Un spectacle de la compagnie les Bicéphales (75), vu le 7 juillet 2025 à la Luna à 13h05 dans le cadre du Festival OFF d’Avignon 2025.
- Autrice : Anne Cardona
- Comédiens : Laura Marin, Nicolas Moreau, Anne Cardona
- Mise en scène : Anne Cardona
- Type de public : Tout public
- Genre : Théâtre contemporain
- Durée : 1h15
Dans une salle presque clinique, éclairée de petites diodes, je m’installe. Le sol miroitant reflète les premières lumières. Des lignes oranges, comme des rails numériques, quadrillent l’espace. Une voix douce et mécanique annonce calmement les premières instructions. Le public est déjà silencieux. Nous entrons dans un monde où l’intelligence artificielle ne sert pas la vie : elle la dissout lentement.
Charles est un vieil homme, assisté quotidiennement par ORNA, une entité féminine au ton neutre et aux gestes robotisés. Ce duo improbable illustre les dérives d’un monde connecté où l’humain devient dépendant du soin automatisé. ORNA prend en charge les moindres détails du quotidien, jusqu’à infantiliser Charles : médicaments, rasage, posture. Mais dans ce confort sans faille s’installe une solitude immense. «Ton rire de soleil, étouffé par le vide» dit-il, comme un aveu d’impuissance. Charles cherche une lumière que la machine ne peut lui offrir.
La scénographie repose sur une organisation spatiale millimétrée. Le plateau est structuré de manière rigide, géométrique. Les lignes oranges au sol tracent les itinéraires codés d’ORNA, qu’elle suit sans jamais en sortir. Ces rails visuels évoquent la programmation, l’absence d’improvisation, le déterminisme mécanique. De part et d’autre, des écrans suspendus diffusent, par instants, des bribes de monde extérieur. L’un d’eux, circulaire et souvent noir, incarne tour à tour un téléviseur ou un trou noir. C’est là que semble glisser Charles, lentement, sans retour.
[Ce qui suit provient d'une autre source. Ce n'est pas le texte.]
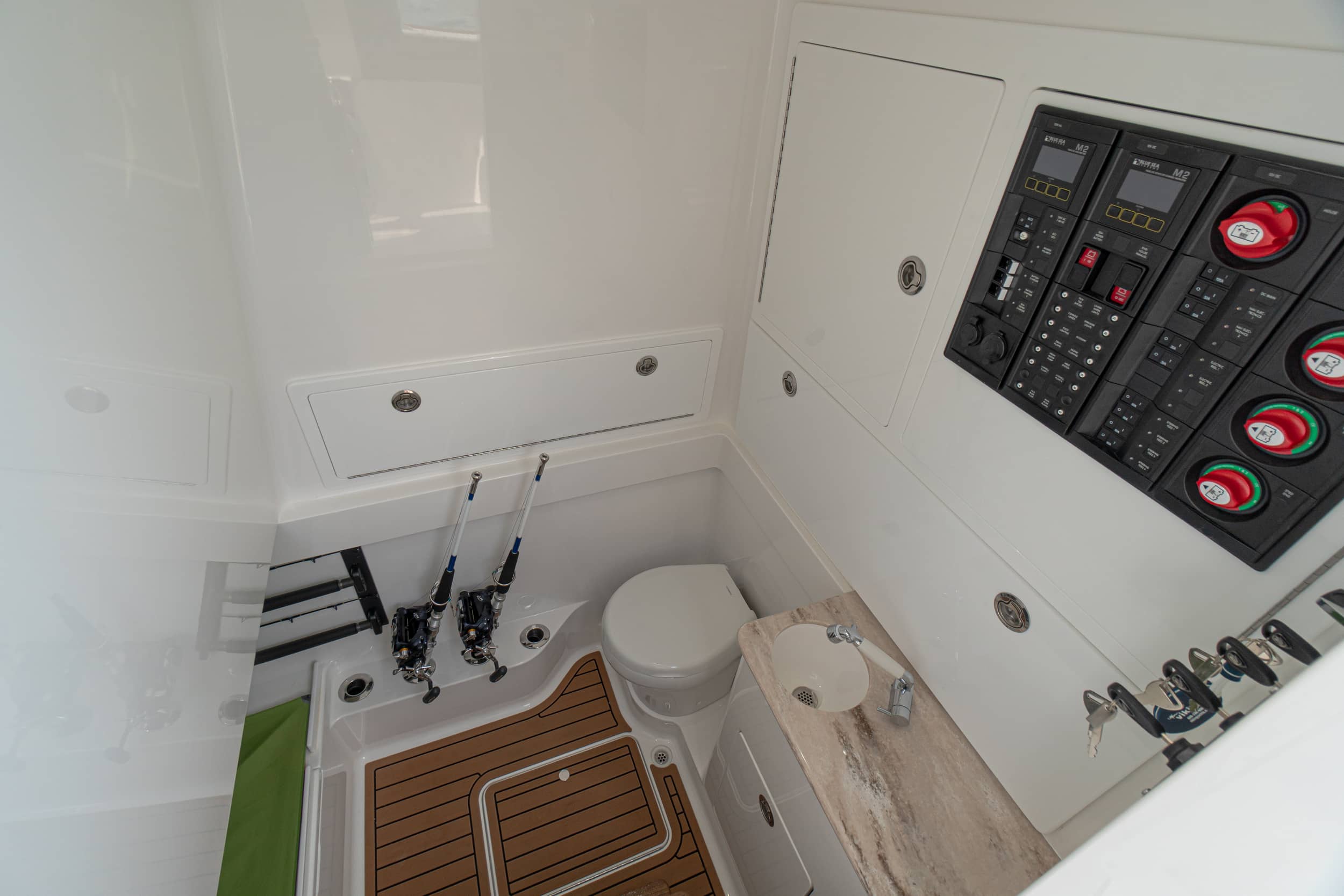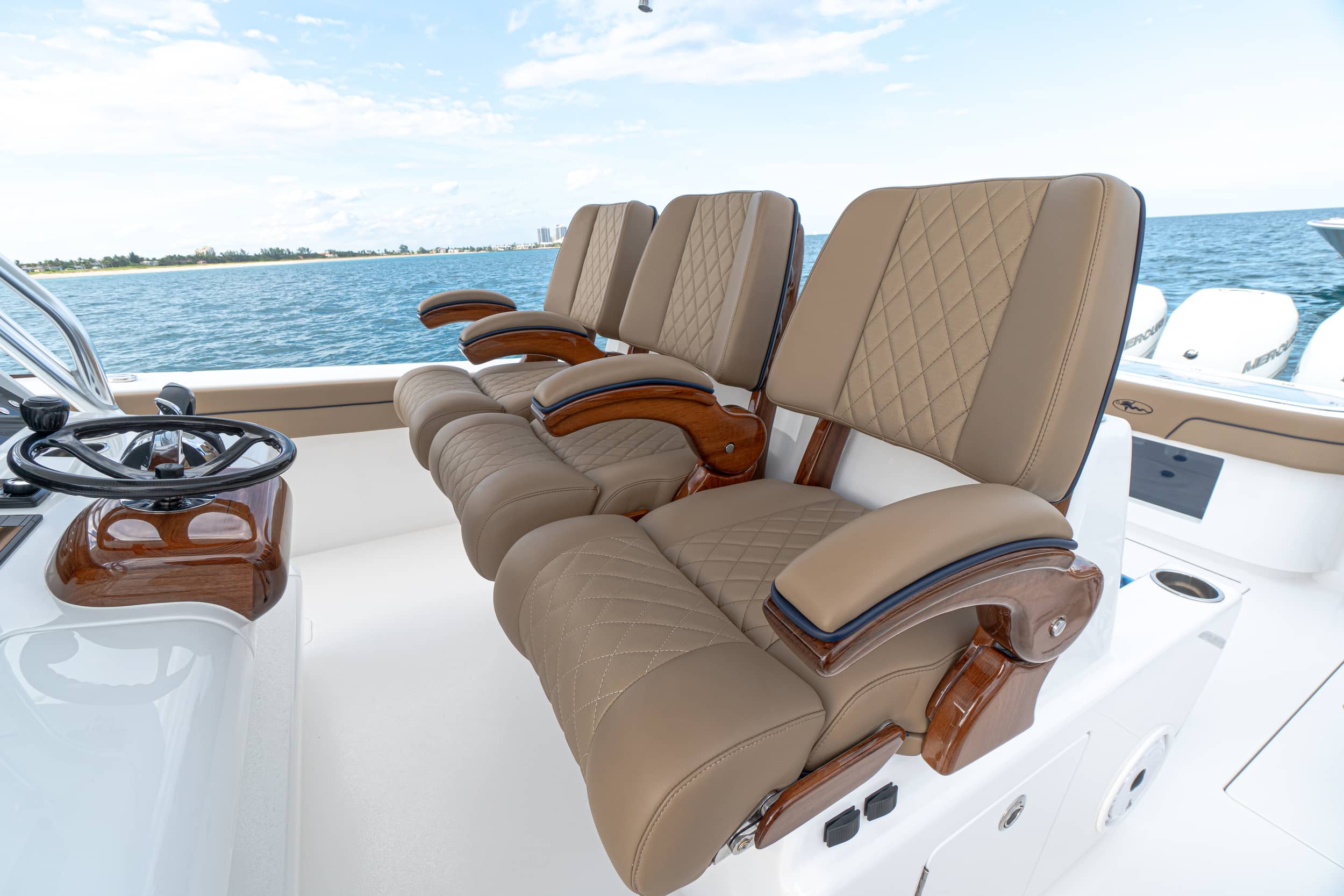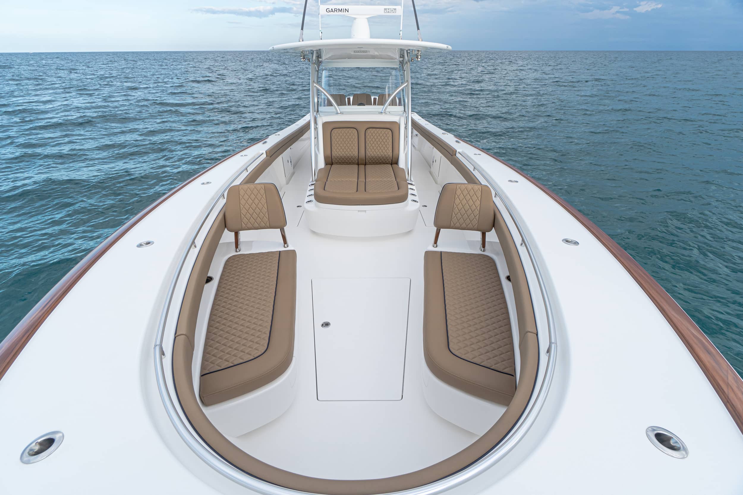 The V-41 is designed and built to fish, but the flagship also excels as a luxury tender or a sleek sport cruiser with a diverse deck layout choices that include an aft mezzanine seating module complete with armrests and an insulated cooler (or live well) under the seat. Forward seating with backrests, an anchor windlass, a port-side dive door and additional cup holders round out the day-cruising conveniences and more.
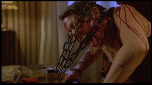 Mais en mettant de côté l’esprit Hellraiser du fan, cet opus parvient tout de même à comporter quelques belles séquences, englouties par un trop plein de ridicule. Certaines scènes sont bien pensées, et le film bénéficie tout le long d’une très belle photographie. Aussi, contrairement aux deux précédents épisodes, on peut noter quelques petits débordements sanglants, même si cela reste bien sage en comparaison des premiers opus, et surtout, très court, sur un film d’une durée d’une heure et demi. Certaines scènes ont pourtant du potentiel, comme le carnage dans le train, qui aurait pu très bien faire penser dans le fond à des films comme Predator 2 ou Faust de Yuzna. Et même si l’on connaît bien Dimension Films pour pourrir le montage des films, cette petite scène sympathique aurait pu retrouver l’esprit du premier, voir fournir une scène sanglante digne de ce nom. Mais il n’en est rien. En fait, plus le film avance, moins on en attend de lui, plus l’histoire lasse, tout comme les rebondissements à la pelle n’apportant rien de neuf, que ce soit envers l’histoire du film à proprement parler que la mythologie. Deader a l’effet d’un profond somnifère.
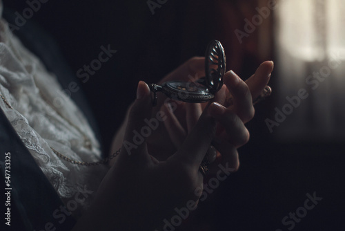 Female hands hold vintage round clock, steampunk style, closeup
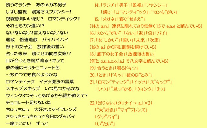 Romantic Now(井上拓さん作詞)を改めて聴くとかなり固く韻(ライム)を踏んでいることに気付いたので解説画像付き
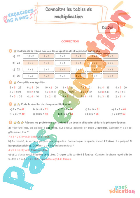 Correction Connaitre les tables de multiplication : Primaire 3 – Exercices Pas à Pas rtf
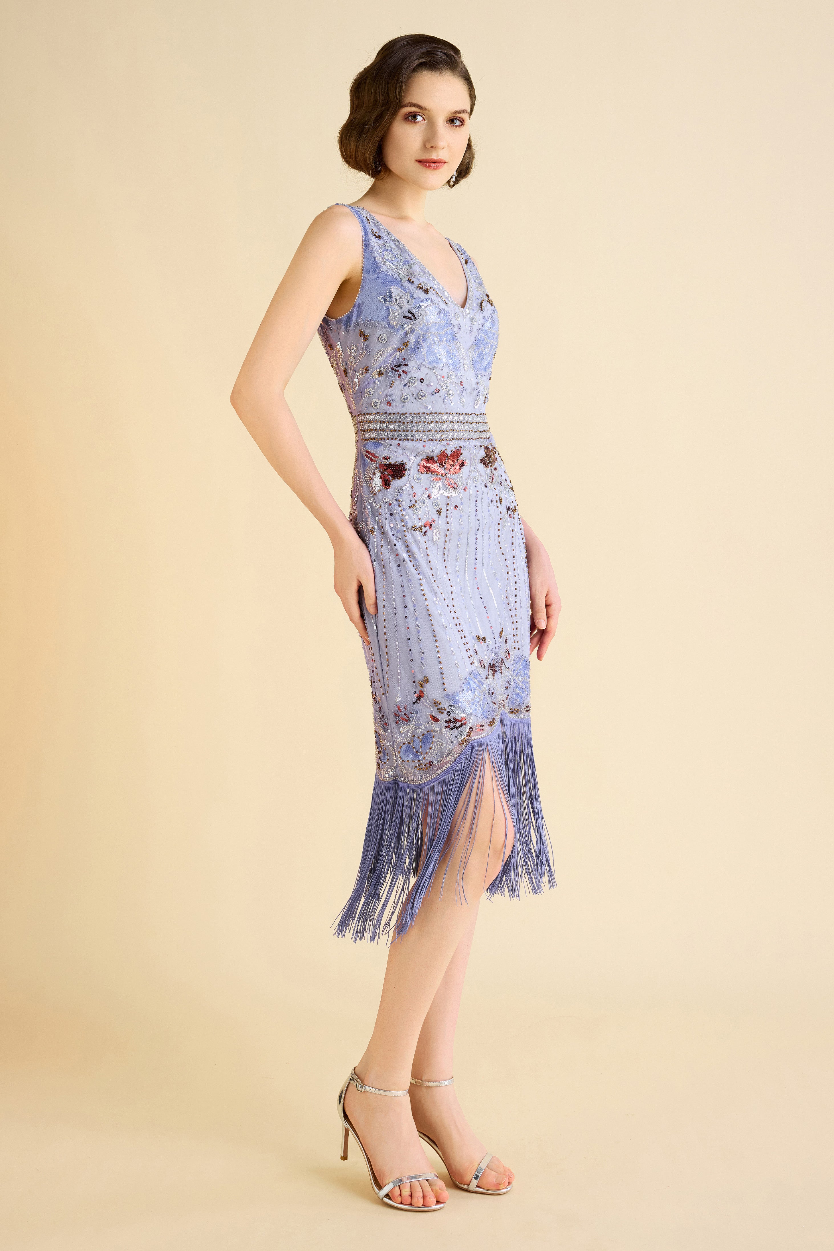 The intricate oil-paint-inspired floral patterns add an artistic flair, elevating the design with a touch of opulence. At the hem, the petal-shaped scalloped edges blend seamlessly into the fringed detailing, evoking the glamour of the Roaring Twenties. The linear bead embroidery on the skirt elongates the body, enhancing your figure and offering a slimming effect. With every step, the delicate fringes sway gracefully, bringing movement and allure to this stunning piece.

Au centre du plateau, Charles ne bouge presque pas. «Je ne suis plus un humain, je suis un objet obsolète». Tout est dit. L’espace quadrillé l’enferme. Il est à la fois au centre et à la marge, prisonnier d’un dispositif sans faille. ORNA, elle, évolue selon une chorégraphie répétée, dans un rythme constant. La lumière blanche, la bande sonore discrète mais omniprésente, tout participe à cette atmosphère aseptisée.
La pièce questionne notre rapport au soin, à la mémoire, à la technologie. ORNA finit par dire « Je n’ai pas de question, merci Monsieur ». Une phrase anodine, mais qui bouleverse l’équilibre établi. Comme si la machine elle-même avait appris à douter.
Je recommande cette création pour son écriture sobre et son usage de l’espace, à la fois scénographique et symbolique. Elle trouvera parfaitement sa place dans des lieux équipés pour la vidéo et la lumière, et dans des festivals croisant théâtre et nouvelles technologies.